# My rig



## quackingtim (Jan 7, 2007)

My turn to show off my rig.


----------



## goosebusters (Jan 12, 2006)

quackingtim said:


>


I suggest you spread your decoys out a little more. But seriously that trailer looks pretty tight!! Great name for the crew too!


----------



## jwdinius1 (Dec 14, 2006)

i dont like how u have the ducks in the front of the spread!!
j/k trailer looks good and how do u keep it so clean on the outside???


----------



## hunt4P&amp;Y (Sep 23, 2004)

Guys that spread looks great! I think I would have had the lookers in the front tho! :lol:

Trailer looks awsome!


----------



## jwdinius1 (Dec 14, 2006)

> Guys that spread looks great! I think I would have had the lookers in the front tho!

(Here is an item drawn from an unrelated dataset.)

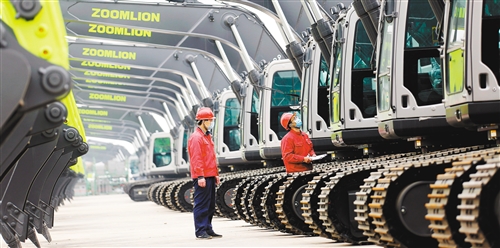 位于陜西省渭南高新區(qū)的中聯(lián)重科渭南工業(yè)園內(nèi),檢驗(yàn)人員對(duì)即將出廠的挖掘機(jī)檢查驗(yàn)收。崔正博攝(中經(jīng)視覺)

I disagree with u hunt4p&y, the lookers up front would flare birds, u gotta keep them in the back :beer: 
Holy **** i'm bored, u can tell hunting season is over for me


----------



## quackingtim (Jan 7, 2007)

jwdinius1 said:


> i dont like how u have the ducks in the front of the spread!!
> j/k trailer looks good and how do u keep it so clean on the outside???


I have use the trailer for several years, and have only washed it once. Just got lucky those days.


----------



## ndwaterfowler (May 22, 2005)

Looks good! Nice set-up, I really like the hangers for the tools.

Chris


----------